● Exercise directions: All of the data below should come back exactly as written, minus its images.

● Information provided:
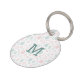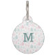 Balise à deux côtés avec un motif sans soudure de gouttes de pluie dans différentes couleurs pastel douces avec un monogramme personnalisé. Le dos contient le nom du chien et le numéro de téléphone du propriétaire dans une police sans serif.
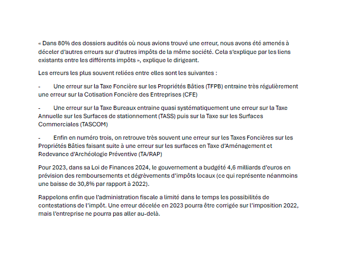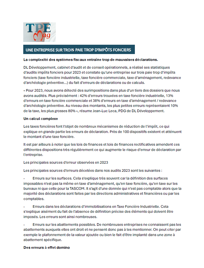 Parution TPE MAG : Une entreprise sur trois paie trop d’impôts fonciers
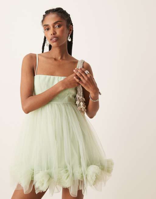 Lace & Beads - Mini babydoll jurk van tule met pofzoom in pistache

● Solved exercise:
 Balise à deux côtés avec un motif sans soudure de gouttes de pluie dans différentes couleurs pastel douces avec un monogramme personnalisé. Le dos contient le nom du chien et le numéro de téléphone du propriétaire dans une police sans serif.
 Parution TPE MAG : Une entreprise sur trois paie trop d’impôts fonciers
 Lace & Beads - Mini babydoll jurk van tule met pofzoom in pistache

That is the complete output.